Where does “fundamentals strength” come from in stimulants?

For Concerta, fundamentals strength is most likely to come from:

  • continued clinical utility in a subset of patients where ER methylphenidate profile matches tolerability and duration needs,
  • contracting strength with PBMs and payers for specific doses and packaging,
  • manufacturing reliability that avoids channel disruptions,
  • limited switching friction versus alternatives on plan formularies.

When these hold, net revenue can remain stable longer even in the face of broad generic pressure. When they fail, revenue tends to fall quickly.


Key risks specific to Concerta-type assets

The risk stack for an investment in Concerta is typically dominated by:

  • Generic and authorized generic substitution across methylphenidate ER dosing strengths
  • PBM formulary redesign that shifts coverage to lower-cost equivalents
  • Rebate pressure escalation to maintain placement
  • Regulatory and compliance attention on stimulant marketing and distribution
  • Supply constraints that lead to patient switching, reducing recoverability after supply normalizes

What should investors expect from a “stimulant ER brand” lifecycle?

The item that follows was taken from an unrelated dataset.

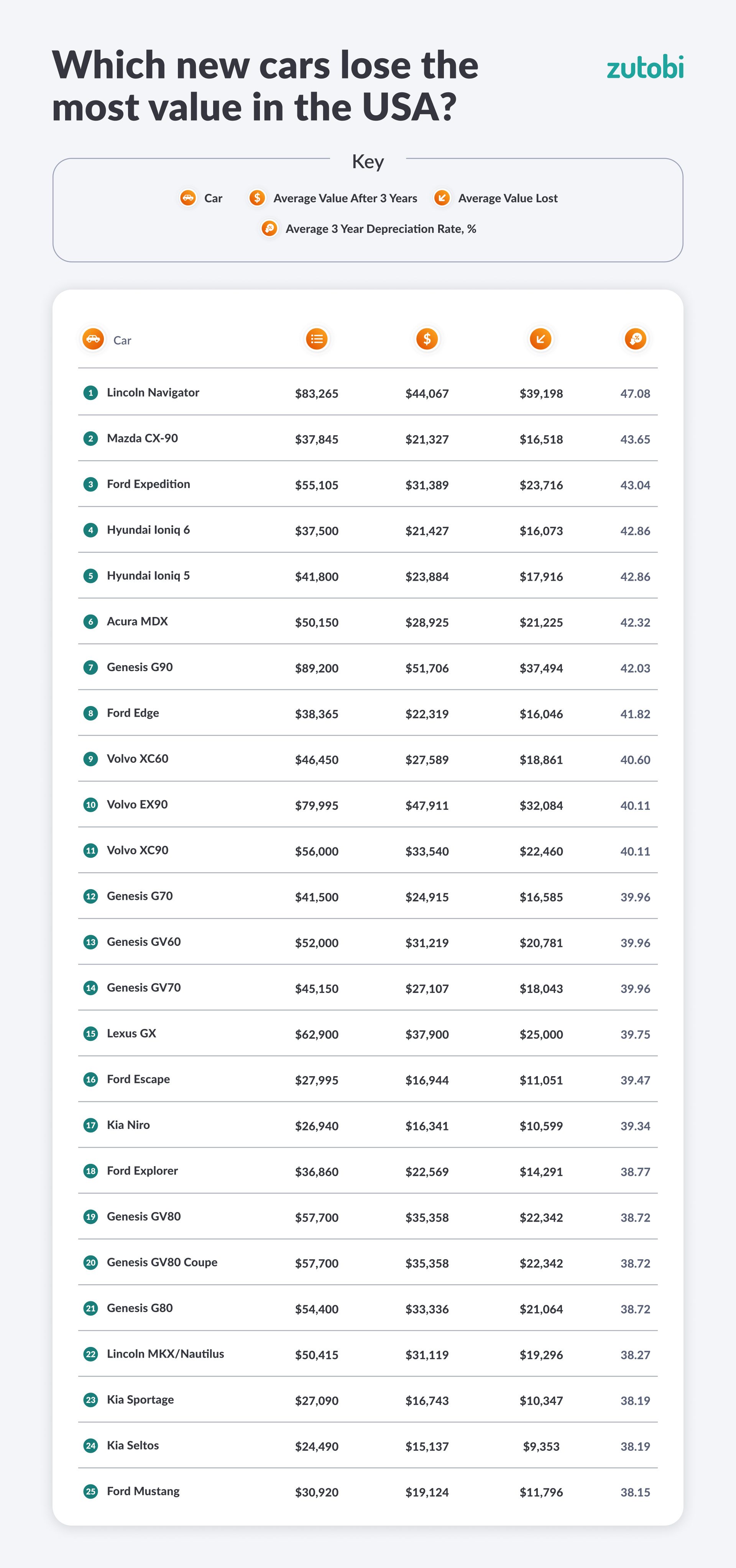 The Lincoln Navigator is a full-size luxury SUV that boasts a spacious interior, high-end materials, and advanced features. However, its high initial price tag and rapid advancements in the luxury SUV market contribute to its significant depreciation. While the Navigator is equipped with a powerful engine and cutting-edge technology, its value drops substantially within the first three years, making it a better deal for second-hand buyers than new car shoppers.

A mature stimulant ER brand generally transitions through phases: 1) Brand launch and differentiated access
2) Intensifying competition with other ER methylphenidate and amphetamine options
3) Generic substitution and net price erosion
4) Surviving revenue tied to channel contracting and SKU-level persistence

For an investment scenario, the critical issue is which phase Concerta is in for the specific market and presentation. The asset type implies that value is increasingly driven by defense of net price and persistence, not by top-line unit growth.


Key Takeaways

  • CONCERTA is a mature methylphenidate ER ADHD brand where investment returns usually hinge on net price defense, persistence, and formulary access rather than demand growth.
  • The commercial profile is highly exposed to generic substitution and payer-driven channel switching within ER stimulant classes.
  • Underwriting should be built around scenario-based net price and share attrition, with SKU-level performance and formulary changes as leading indicators.
  • The highest operational sensitivity is supply continuity and batch consistency, since stock-outs accelerate switching that is hard to reverse.

FAQs

  1. Is Concerta expected to maintain revenue growth?
    Typically no, once meaningful generic penetration and formulary substitution take hold; revenue durability depends on net price defense and persistence.

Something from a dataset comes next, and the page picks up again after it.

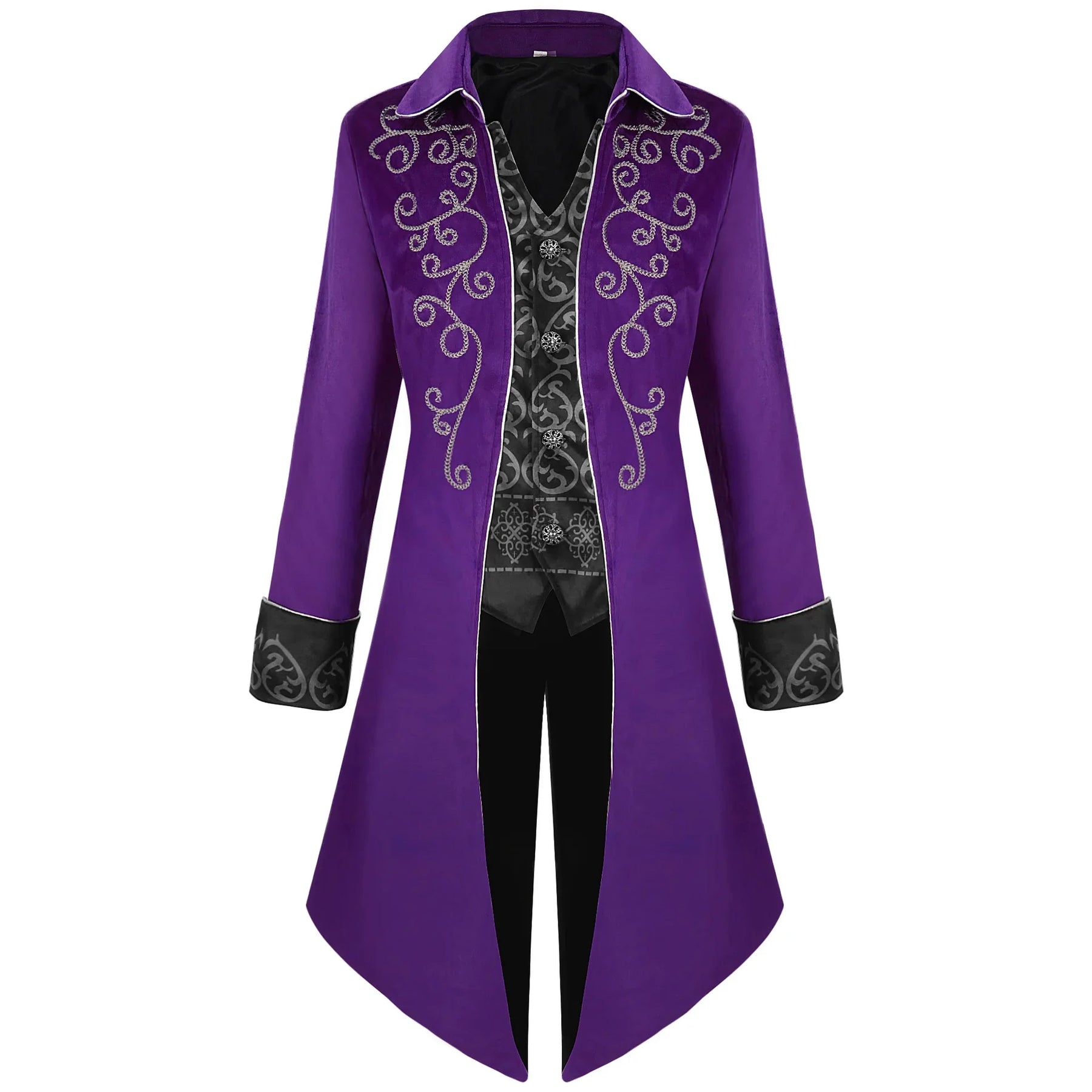 Meeste gooti stiilis keskaegne violetne pintsak hõbedaste kaunistustega

  2. What most directly impacts Concerta’s net revenue per patient?
    Payer contracting outcomes, especially rebate dynamics and formulary tier placement that govern net price after discounts.

  3. How do stimulant alternatives affect Concerta’s market position?
    Switching within ER methylphenidate and toward other stimulant classes (and sometimes non-stimulants) reduces persistence when payer access favors alternatives.

  4. What operational events most threaten a stimulant ER brand?
    Manufacturing or QC disruptions that create stock-outs can move patients to substitutes and reduce recoverability.

  5. Which KPIs should be tracked for a Concerta investment thesis?
    Net price, prescription/persistence, formulary changes, inventory/stock-out events, and SKU-specific share.


References

[1] APA. Diagnostic and Statistical Manual of Mental Disorders (DSM). American Psychiatric Association.
[2] FDA. Drug Safety and ADHD-related prescribing information resources for methylphenidate ER products. U.S. Food and Drug Administration.